Beaucoup plus fréquente est la magie runique. Il s'agit d'une forme proche de la magie d'invocation, à la différence que le pouvoir prêté ne sera pas utilisé dans l'instant mais enfermé définitivement dans un objet donné, souvent un sceptre, un anneau ou un bâton. Une divinité peut elle-même enfermer une partie de son pouvoir dans un objet ; c'est par exemple ce que fait Sauron avec l'Anneau unique. Il est alors plus puissant s'il porte l'objet, mais considérablement affaibli s'il le perd. C'est à mon avis ce qui explique de nombreuses formes de magie chez Tolkien : Grond, le bélier du Mordor, est plus puissant parce qu'il porte des runes magiques de ruine ; ce sont des mots écrits qui permettent aux Portes de Durin, seigneur de la Moria, de s'ouvrir lorsque l'on prononce ce mot. Ce n'est pas parce que les runes ne sont pas visibles qu'elles n'existent pas : Glorfindel voit sur le manche du poignard de Morgul des inscriptions que les autres ne peuvent remarquer ; les écritures sur la porte de la Moria n'apparaissent que dans certaines conditions. De même, on peut supposer que c'est une forme de magie runique qui a donné leur pouvoir aux bâtons des Istari et aux Anneaux de pouvoir. Bien sûr c'est la force de Sauron lui-même qui donne son pouvoir à l'Anneau Unique. Mais que Sauron ait mis sa propre force ténébreuse à l'intérieur de l'Anneau et que se soit cela qui lui confère sa puissance ne nous dit pas comment, par quelle technique Sauron a pu réussir cet enfermement de pouvoir dans un objet. Personnellement, je pense que ça peut être à travers les inscriptions puisque le texte correspond assez bien, en double interprétation, aux pouvoirs de l'Anneau. Pour les autres anneaux, aucune inscription n'y est visible, mais encore une fois qui sait s'il n'y en a pas tout de même ?

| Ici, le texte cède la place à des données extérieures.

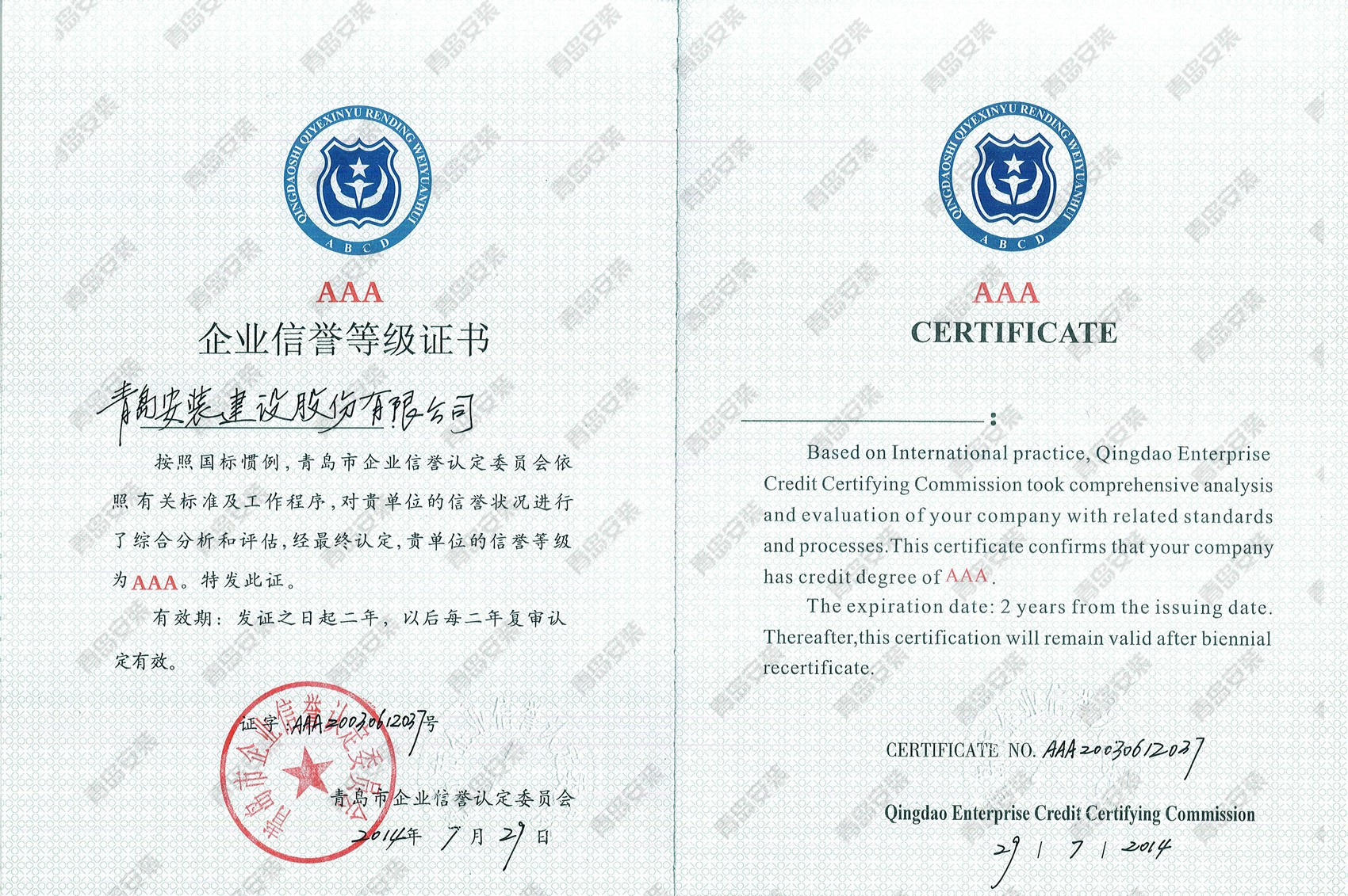 青島市AAA信譽
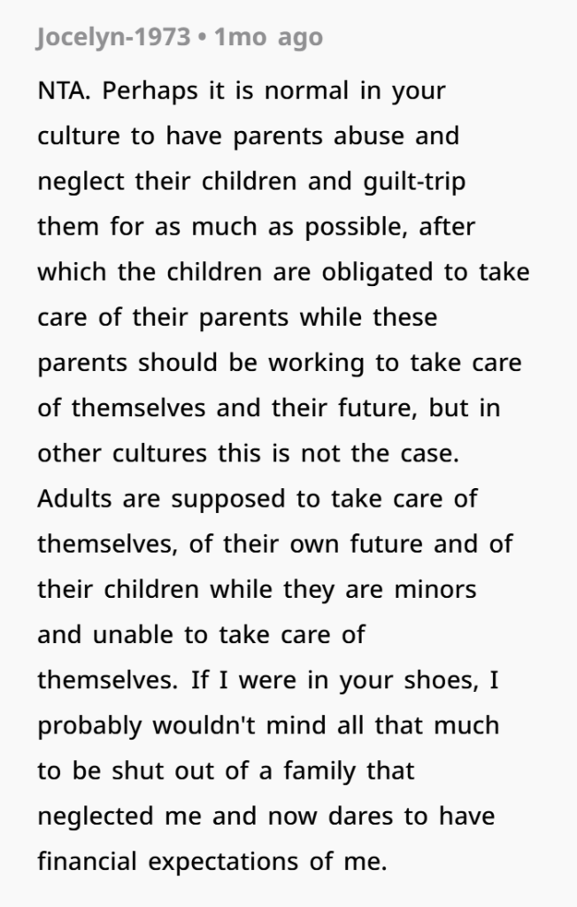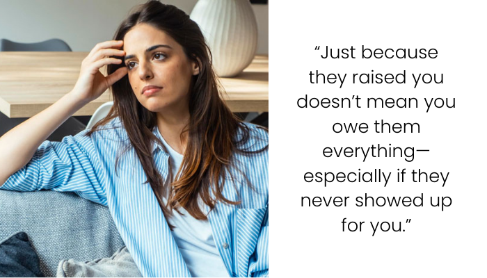 Let’s stop pretending that being born into a family means you owe them forever. If they didn’t raise you, protect you, or love you right, you don’t owe them money just because they have your last name.
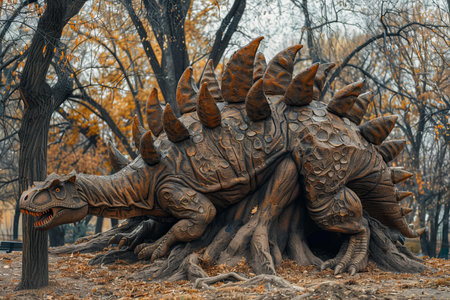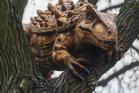 Detailed view of a dinosaur statue showcasing intricate details and texture.
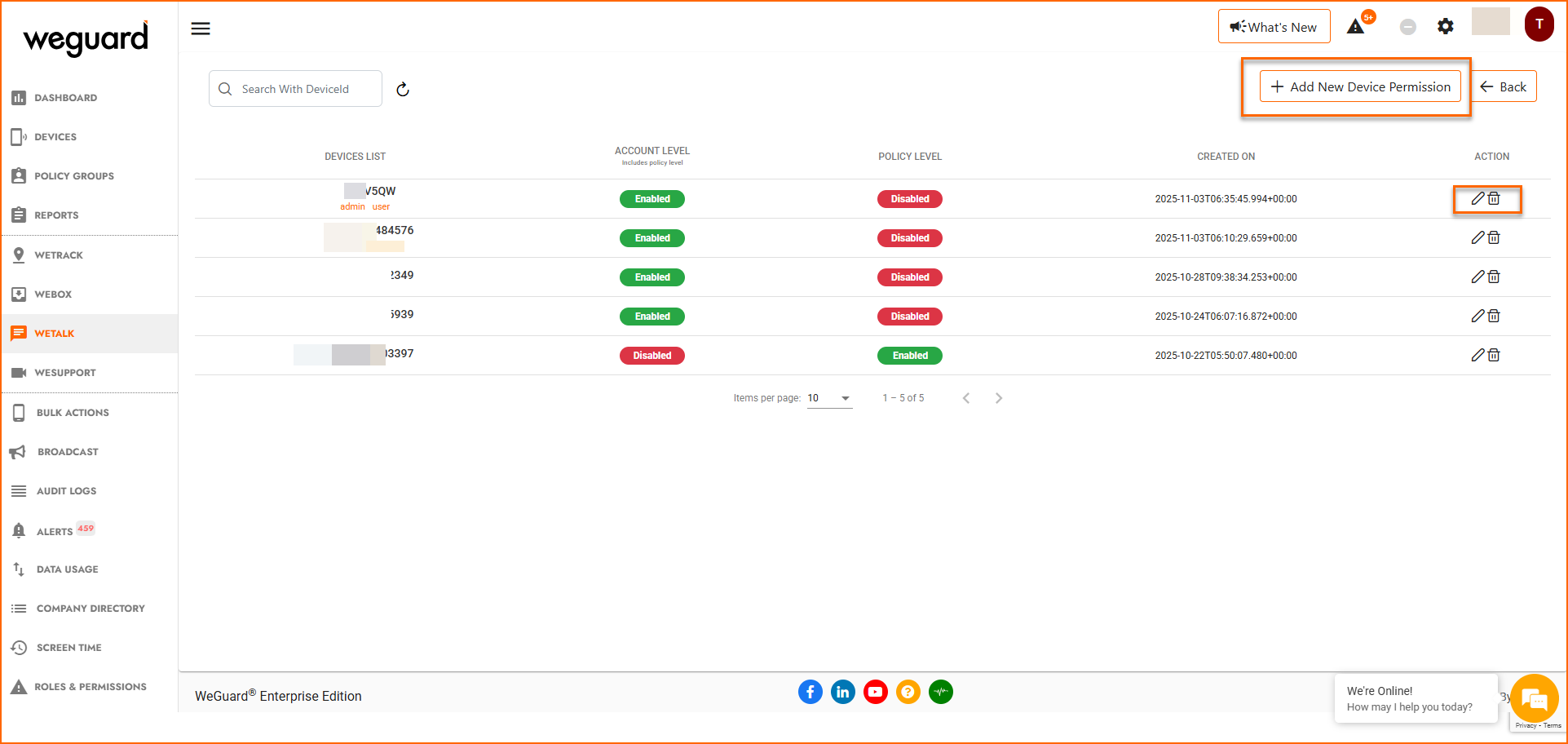 - Click on the Pencil button to edit the permissions or the Trashcan button to delete the existing device permission.

Quant aux bâtons des Istari, je crois bien sûr que chacun des Mages y a mis une part de son pouvoir, comme Sauron avec l'Anneau. Mais deux choses à remarquer: d'abord, ils y ont mis une part moins grande d'eux-mêmes puisque lors de la destrution de son bâton, Saroumane n'est pas détruit comme Sauron lorsque Gollum tombe dans le Feu avec son Anneau. Ensuite, je pense que les Valar ont également dû y mettre une peu de leurs pouvoirs. Peut-être, puisque les Istari avaient été choisis par des Valar différents, chaque Vala a-t-il ajouté un peu de son propre pouvoir dans le bâton de son envoyé? Et pour ces deux remarques, mon idée de l'introduction du pouvoir dans l'objet par le moyen des runes reste acceptable.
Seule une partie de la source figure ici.